Theoretical and Computational Chemistry
1) ESIPT and White-light emission
We focus on the study of ultrafast excited state intramolecular proton transfer (ESIPT) in various organic molecules involving 5-membered and 6-membered proton transfer donor-acceptor cycles. Analysis of spectral features associated with ESIPT enol-keto tautomerization is the first step in our study. As the proton transfer (or tautomerization) occurs on the vibrational motion timescales, potential energy surfaces along each of the O-H vibrational modes are explored using computational techniques.Subsequently, quantum molecular simulations on computed potentials provide us the mechanistic pathways and timescales of proton transfer.

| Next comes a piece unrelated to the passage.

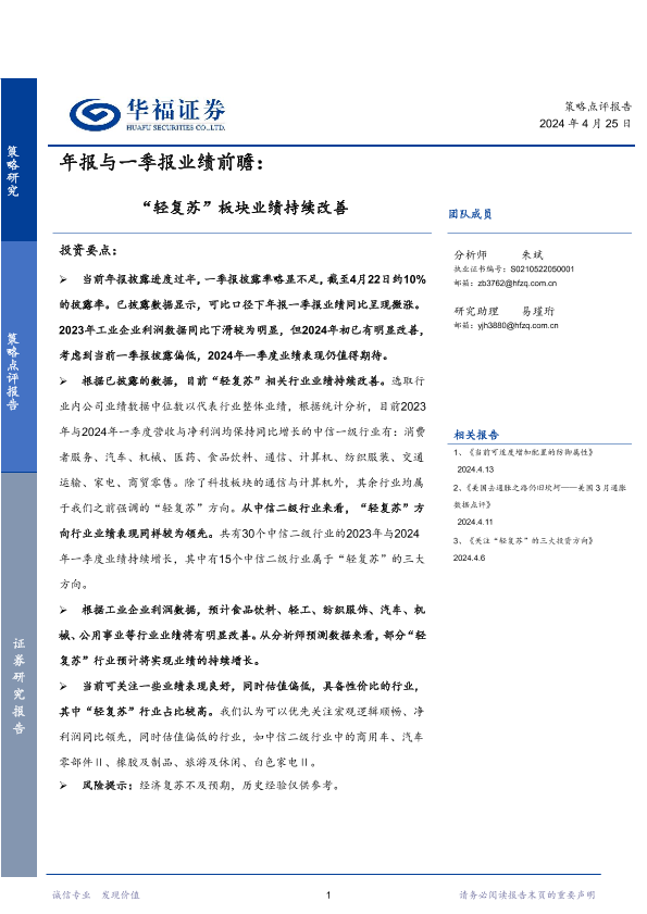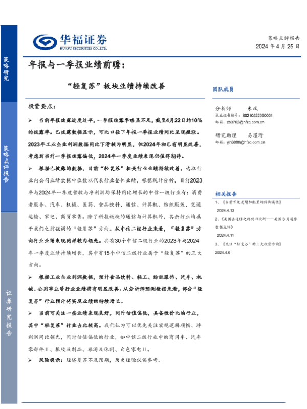 一季报 业绩前瞻 华福证券 年报 轻复苏

2) Ultrafast Intersystem Crossing in Organic Molecules
Our interests are to identify the pathways involved in an indirect intersystem crossing in molecular systems. Naphthalene, perylenediimide and pyrene derivatives are the model systems currently under investigation to explore the role of near-degenerate higher singlet-triplet excited states.
3) ESIPT induced triplet formation
Triplet formation pathways in ESIPT tautomers are explored based on the dynamics simulations on PESs generated "on-the-fly". Molecular systems with O-H...S would undergo display ESIPT on a sub-50 fs timescale upon photoexcitation. The proton-transferred tautomer would exhibit mutiple relaxation pathways: (i) nonradiative decay to its ground-state (ii) ultrafast ISC to close-lying higher triplet state of the tautomer form, which ultimately decays into T1 and (iii) reverse ISC. These interesting features of ESIPT are of highly relevant for designing efficient molecules for optoelectronics and triplet sensitization.